Judge rules against FBI Stingray secrecy

Stan Ward

Stan Ward

January 19, 2016

Privacy advocates are hailing as a victory, albeit a small one, a judicial ruling that finally slows the momentum built by the nationwide use of IMSI catchers (cell- site simulators better known as Stingrays.) As a result, the FBI must now come clean about the specifics of the technology their use of Stingrays. These devices, invented and first deployed by the Navy, mimic cell-towers so that phones connect to them instead of real towers. This allows the Stingray operators to indiscriminately hoover-up information gleaned from non-suspect’s cellphones which just happen to connect to these devices.

Stingray 2

The judgement stems from the 2008 arrest of Daniel Rigmaiden; a suspect turned transparency advocate, as a result of his bust and a subsequent FOIA request he made afterward. It is a bit ironic that the first gambit to fall in the anti-Stingray game should come as a result of a felon’s ceaseless efforts while behind bars for six years! Because of his tenacity, a federal judge working Ringmaiden’s FOIA suit has ordered the FBI to release eight more Stingray documents, saying the information was not properly withheld.

The court rejected the FBI’s contention that the failure to disclose the information was within the auspices of section 7E of the law, which forbids law enforcement agencies from revealing pertinent information which might hamper their efforts to catch criminals. The FBI now has 90 days to comply with the court’s order. The ruling doesn’t apply to the Stingray use by myriad state and local police departments, who can continue their snooping with impunity and without much judicial oversight.

In this space over the past year, we have documented the abuses of the device by law enforcement in many articles. Raising our ire was the fact that the Stingrays are being employed without knowledge of the judges who issue warrants for surveillance, who are led to believe that the probable cause writs that they execute are for standard phone wiretaps and such. This ruling against the FBI may, therefore, be the tip of the spear, lancing a nasty boil, and may lead to a demand that the police, along with other jurisdictions, properly apprise judges about the potential use of Stingrays in establishing probable cause.

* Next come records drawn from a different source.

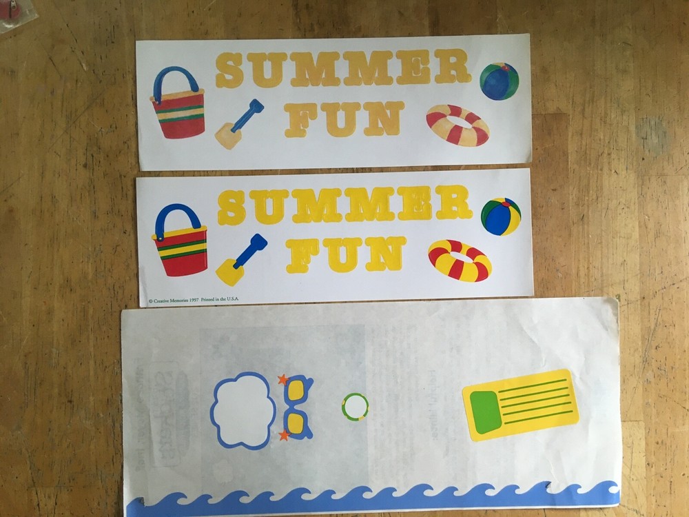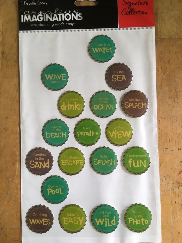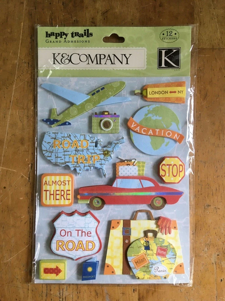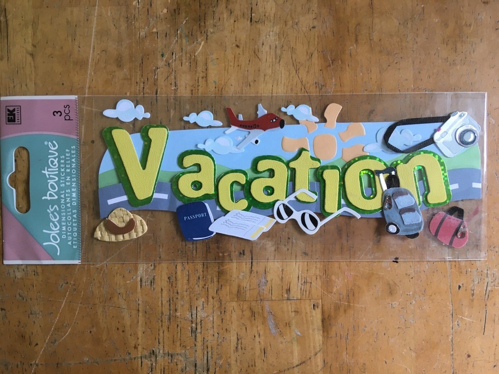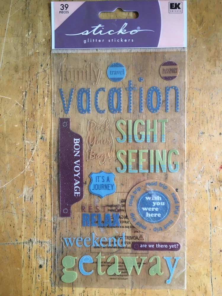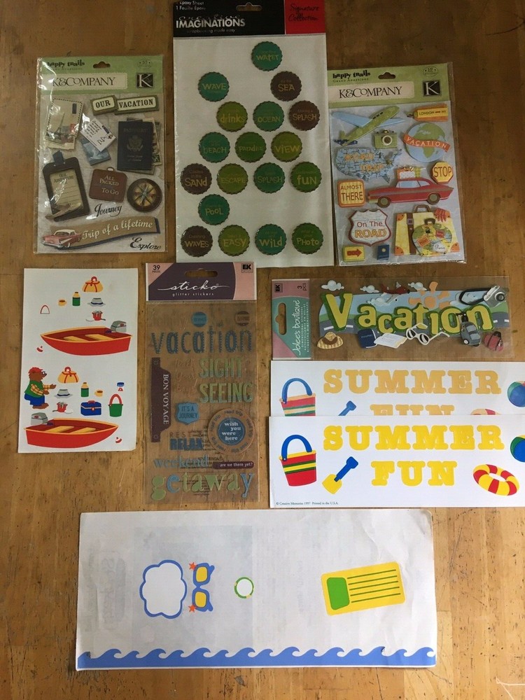 I am offering a lot of Vacation/Travel Themed Stickers, which are perfect for Scrapbooking and crafts. K&Company - 2 packs 3 D Happy Trails separate stickers- unopened Sticko glitter stickers - 13 words/phrases - unopened Jolee's Boutique - 7" Vacation strip - unopened Creative Imaginations - approx 1" bottle tops stickers with words - opened & some used Mrs. Grossman's - Fishing - opened & some used Creative Memories - 2 Summer fun, approx 9" - opened, not used Francis Meyer - water border - opened & some used Thanks for looking and happy bidding.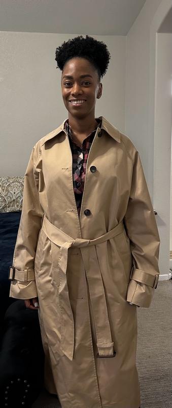 I absolutely love this trench coat. The material is nice and the fit looks great. It’s just the right color and I love the buttons and belt. I’m looking forward to rocking it this winter!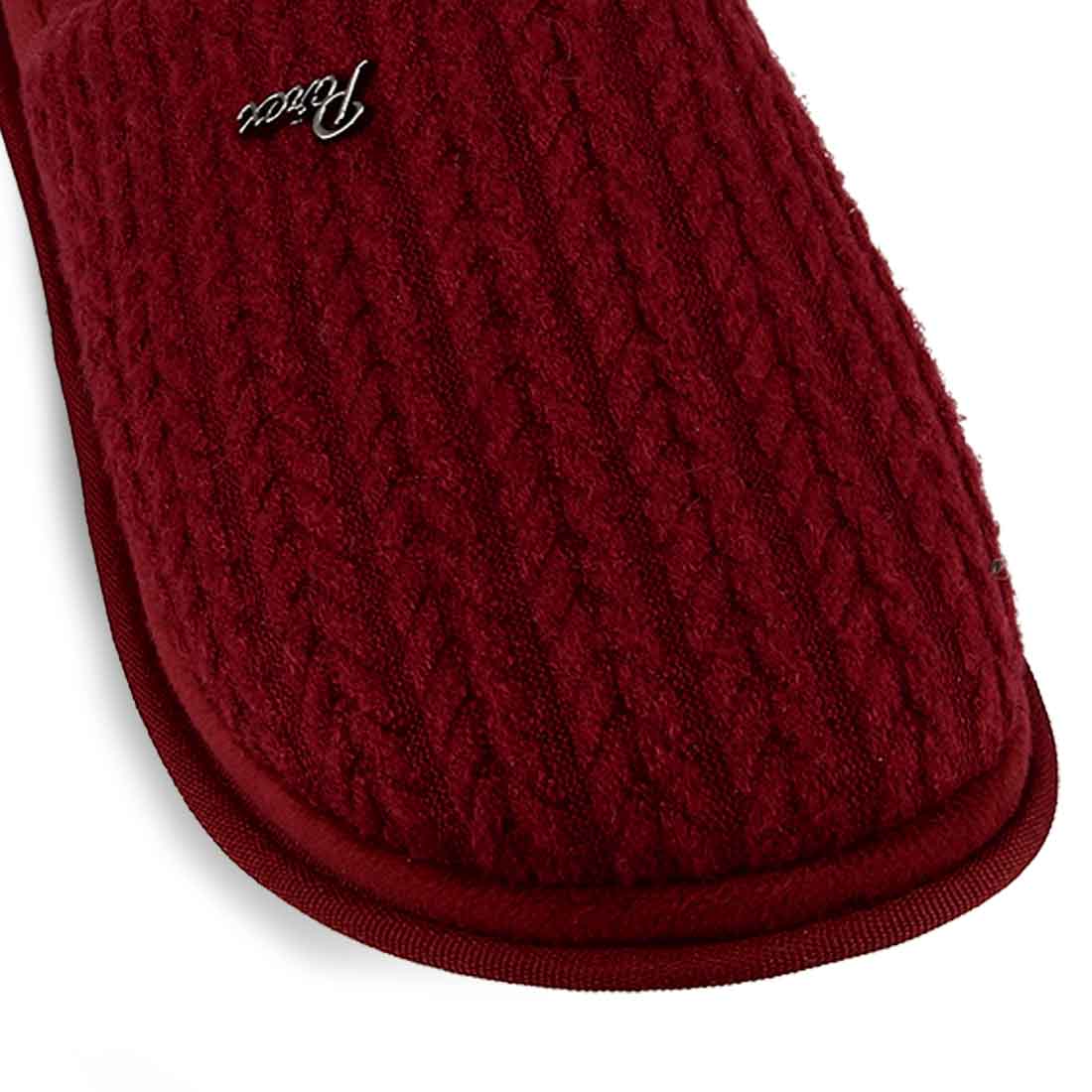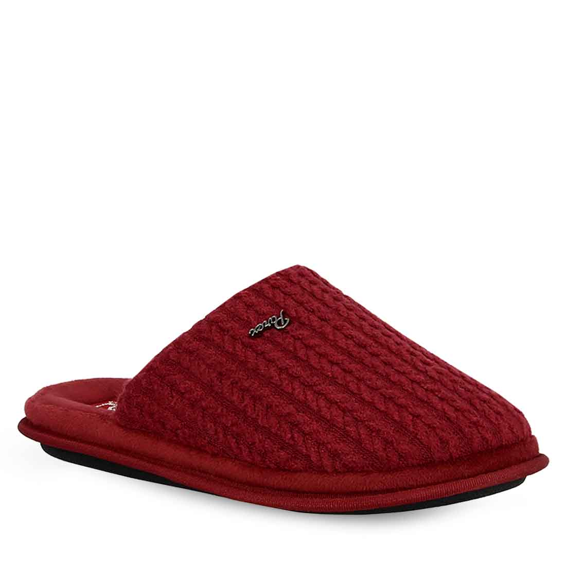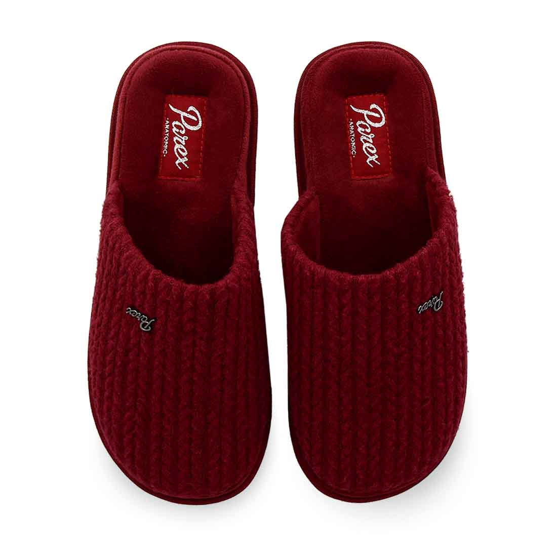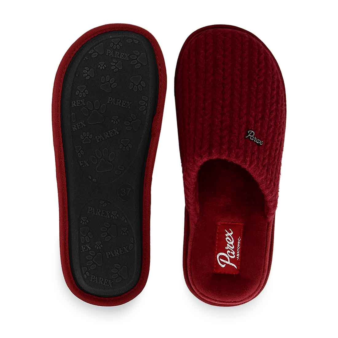 Classic house slippers for women in blue and red color. Vertical stripe design on the upper. Soft footbed and a stable outsole.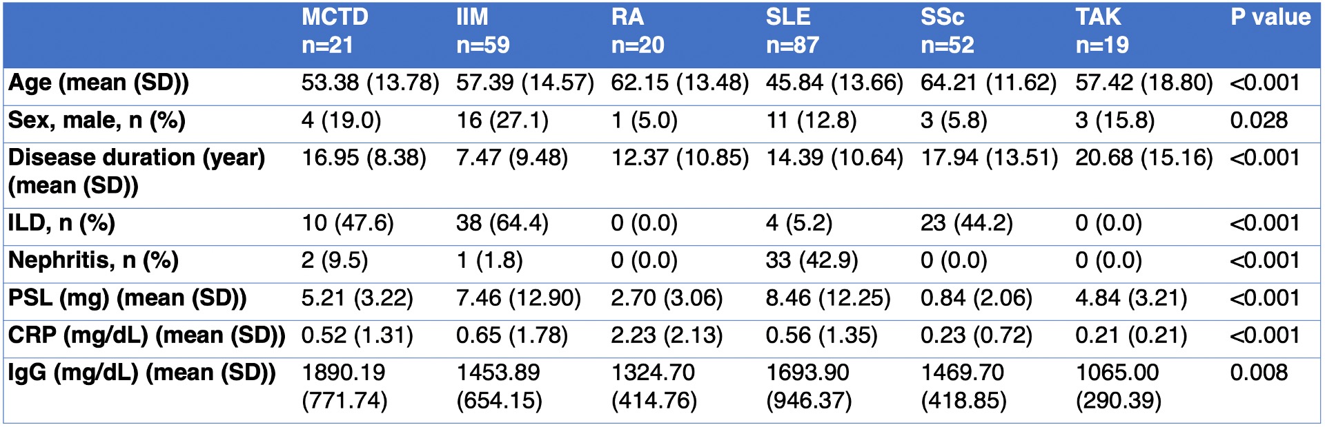 Table 1. Patients’ characteristics in each systemic immune-mediated disease.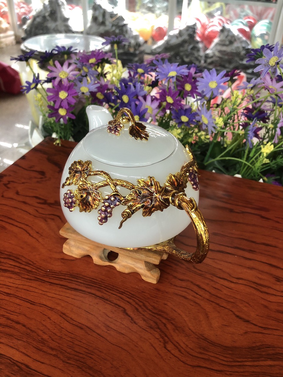 ✨Bộ ấm trà chạm cây nho tím với ly chạm chữ đá bạch ngọc

The fascinating thing about this is not only the liberties that the FBI and other law enforcement agencies have taken to conceal use of the devices, but the lengths they have gone to protect their deployment. We documented instances where prosecutors were instructed to let suspected criminals walk, rather than reveal that a Stingray was behind their arrest. To even gain access and use the Stingrays, local law enforcement has been forced to sign non-disclosure agreements with the federal agency or its cohorts.

An alarming reality though, boils down to the fact that even bringing the FBI to heel and making police more forthcoming about the Stingrays won’t alter the one inescapable truth. That is the device will still scoop up information from innocent cellphone users in an area where the Stingrays operate, whether the police or FBI have a warrant or not. For civil liberties activists and privacy advocates alike, this is not acceptable, and more work needs to be done. Perhaps the free market, as usual, will come to their rescue, as apps that can detect the presence of Stingrays are becoming available in the marketplace. In the chess game played by cops and civil libertarians, the game is indeed on!